**Available data:**
━━━━━━━━━━━━━━━━━━━━━━━━━━━━━━
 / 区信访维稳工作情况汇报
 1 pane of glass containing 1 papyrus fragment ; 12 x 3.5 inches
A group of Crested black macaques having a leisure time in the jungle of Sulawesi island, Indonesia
━━━━━━━━━━━━━━━━━━━━━━━━━━━━━━
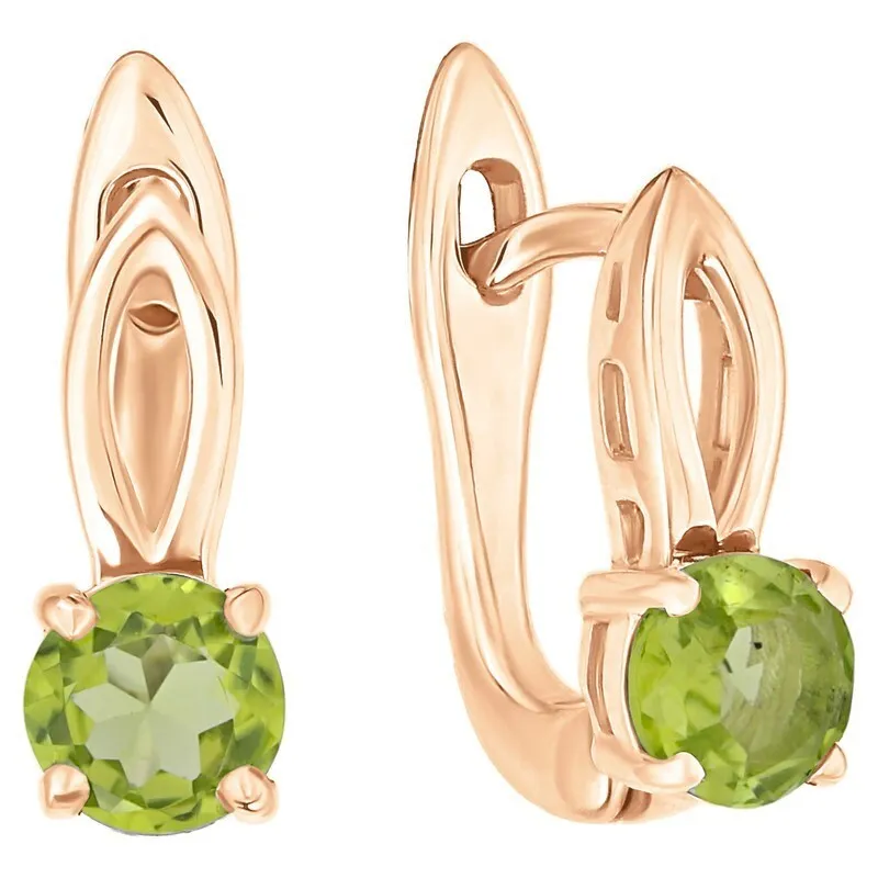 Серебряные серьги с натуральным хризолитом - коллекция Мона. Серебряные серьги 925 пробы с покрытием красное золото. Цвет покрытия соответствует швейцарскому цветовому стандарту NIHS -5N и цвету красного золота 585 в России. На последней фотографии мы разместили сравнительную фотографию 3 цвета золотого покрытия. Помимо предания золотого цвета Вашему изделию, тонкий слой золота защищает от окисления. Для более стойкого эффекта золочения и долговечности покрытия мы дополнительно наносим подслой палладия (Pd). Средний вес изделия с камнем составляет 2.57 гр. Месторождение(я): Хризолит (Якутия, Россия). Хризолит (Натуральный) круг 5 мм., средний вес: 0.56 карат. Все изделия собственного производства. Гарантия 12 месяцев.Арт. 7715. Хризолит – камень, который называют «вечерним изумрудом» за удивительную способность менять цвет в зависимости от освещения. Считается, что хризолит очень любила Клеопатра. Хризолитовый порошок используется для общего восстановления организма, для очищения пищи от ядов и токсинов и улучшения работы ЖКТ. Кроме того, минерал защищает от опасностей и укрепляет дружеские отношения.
━━━━━━━━━━━━━━━━━━━━━━━━━━━━━━
Extract from the listing above the lines between the line containing "1 pane of glass" and the line containing "A group of Crested", keeping both of those lines. Output nothing else.

 1 pane of glass containing 1 papyrus fragment ; 12 x 3.5 inches
A group of Crested black macaques having a leisure time in the jungle of Sulawesi island, Indonesia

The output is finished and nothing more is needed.